This repository contains a collection of utility scripts for preparing and analyzing training data for machine learning interatomic potentials:
Reads vasprun.xml or OUTCAR files, filters data based on specific criteria, and converts the data into POSCAR files, which are then organized into subfolders.
Splits the train.xyz file into groups, converts each group into POSCAR files, and organizes them into subfolders.
Converts data from a specified xyz file into POSCAR files, performs screening and splitting, and saves the data in subfolders. It supports both VASP and ABACUS calculation software.
Finds the points with the largest errors in force_train.out, virial_train.out, or energy_train.out files, locates the IDs of the training set to which these points belong, and outputs them to a file. Optionally, it can output the remaining structures to another file.
Selects specific lines from the dump.xyz file according to a predefined rule and writes them to the train.xyz file.
Creates phonon comparison plots, including visualizations of phonon frequencies and group velocities. It reads a unit cell file, generates input files, and plots phonon diagrams.
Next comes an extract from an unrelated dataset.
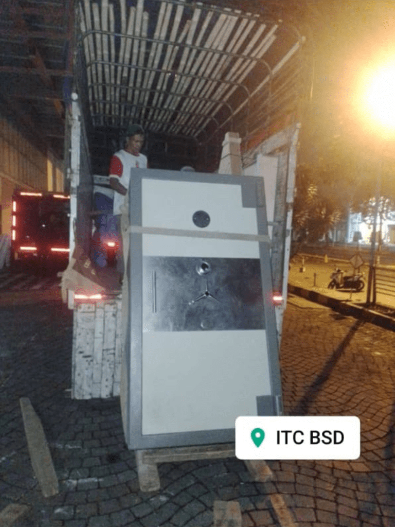 Proses pindah brankas dilakukan dengan standar keamanan tinggi oleh tim berpengalaman.

Plots visualizations of NEP (Neural Evolution Potential) training or prediction results, including loss curves, diagonal plots, charge distribution plots, and descriptor projection plots.
Splits the dataset in NEP-dataset.xyz into training and test sets. Users can choose between random splitting or specifying a structure range.
Converts data from directories with OUTCAR files into the NEP-dataset.xyz file, an extended coordinate file format for machine learning potential training.